Arithmetic and logic operations

History

  • (2024-06-12, 0.12.28) Nasty bytegram decoder bug fixed for Unicode boundary cases.
  • (2024-04-28, 0.12.0) JAX support for Apple Silicon via jax-metal added (experimental).
  • (2024-03-25, 0.11.0) Tensorflow support completely removed, maintenance is simply too much effort due to continous API changes.
  • (2024-02-21, 0.10.4) More tests with bytegrams.
  • (2023-11-14, 0.9.3) Fix/hack for reloading of checkpoints for compiled models (torch puts weights in some sub-object: _orig_mod)
  • (2023-11-13, 0.9.0) Breaking API change to Folder_Dataset, load_index() can be called multiple times additively.
  • (2023-04-2, 0.8.168) Two transformer variants: a transformer with 'yoke', MultiHeadSelfAttentionWithCompression (a layer that compresses information, forcing abstraction), and version with state: MultiHeadSelfAttentionWithCompressionState, a state is combined with the yoke-layer, allowing the most 'abstract' information of the transformer to be maintained in a recurrent manner. See torch-transformer-poet for examples.
  • (2023-04-01, 0.8.90) API changes: WIP!
  • (2023-03-31, 0.8.0) Put compression/state experiments in separate model.
  • (2023-03-30, 0.7.0) Cleanup of bottleneck mechanism to force abstraction. Dropout behave again normal (hacks removed).
  • (2023-03-28, 0.6.0) Add dropout>1.0 paramater to MultiHeadSelfAttention (torch): replaces 'normal' dropout with a linear compression by 4.0/dropout. The linear layers no longer map n -> 4n -> n, but n -> 4n/dropout -> n. This reduces the amount of information, the net can propagate, forcing compression. Sigma_compression uses different compressions rates: max in the middle layers, and non at start end end layers, linearly interpolating between them.
  • (2023-02-01, 0.5.6) load_checkpoint(), optionally only load params. Incompatible API-change for load- and save_checkpoint() methods!
  • (2023-01-31, 0.5.4) Add top_k parameter to generator. Apple MPS users beware, MPS currently limits top_k to max 16.
  • (2023-01-30, 0.5.3) Add use_aliases parameter to Folder- and Calibre datasets.
  • (2023-01-27, 0.5.2) Add alias field to local datasets to protect privacy of local document names.
  • (2023-01-27, 0.5.0) Acquire training data from Calibre library (Calibre_Dataset), the documents must be in text format in Calibre, or get training data from a folder containing text files (Folder_Dataset). Text_Dataset can now contain texts from Gutenberg, Calibre or a folder of text files.
  • (2023-01-26, 0.4.4) Add save/load tokenizer to Text_Dataset to enable reusing tokenizer data.
  • (2023-01-22, 0.4.3) Add temperature parameter to generator.
  • (2023-01-21, 0.4.2) Start of port of pytorch transformers from Andrej Karpathy's nanoGPT as implemented in ng-video-lecture. Additional tests with Apple Silicon MPS and pytorch 2.0 nightly.

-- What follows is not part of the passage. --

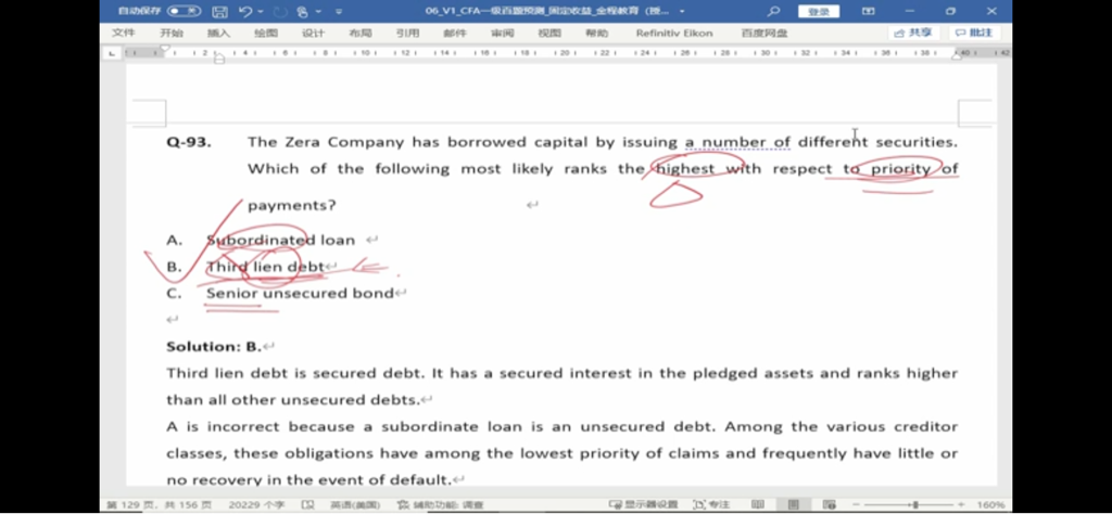 如果C选项是"senior secured bond " 对比B选项,谁更优先呢?

  • (2022-12-13, 0.4.0) The great cleanup: neither recurrence nor gated memory improved the transformer architecture, so they are removed again.

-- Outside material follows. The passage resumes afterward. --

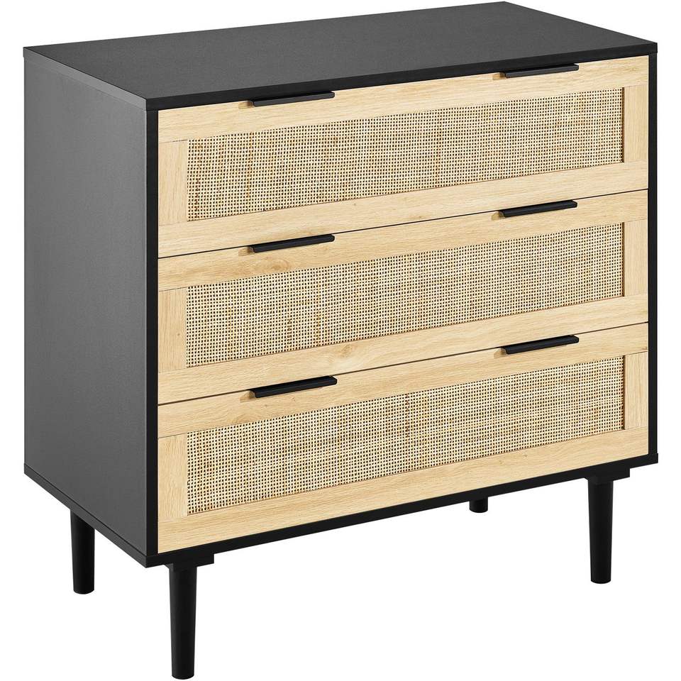 Cassettiera Moderna a 3 Cassetti in Legno Naturale e Rattan, Stile Boho, Organizzatore per Vestiti, Mobile Contenitore

  • (2022-12-11, 0.3.17) Testversion for slightly handwavy recurrent attention
  • (2022-06-19, 0.3.1) get_random_item(index) that works with all tokenization strategies, get_unique_token_count() added.
  • (2022-06-19, 0.3.0) Breaking change in Text_Dataset get_item() behavior, old API didn't fit with tokenization.
  • (2022-06-19, 0.2.0) Language agnostic dynamic ngram tokenizer.
  • (2022-06-07, 0.1.5) Support for pytorch nightly 1.13dev MPS, Apple Metal acceleration on Apple Silicon.
  • (2022-03-27, 0.1.4) Bugfixes to Gutenberg search and load_book and get_book.
  • (2022-03-15, 0.1.2) env_tools.init() no longer uses tf.compat.v1.disable_eager_executition() since there are rumors about old code-paths being used. Use tf.function() instead, or call with env_tools.init(..., old_disable_eager=True) which continues to use the old v1 API.
  • (2022-03-12, 0.1.0) First version for external use.
  • (2021-12-26, 0.0.x) First pre-alpha versions published for testing purposes, not ready for use.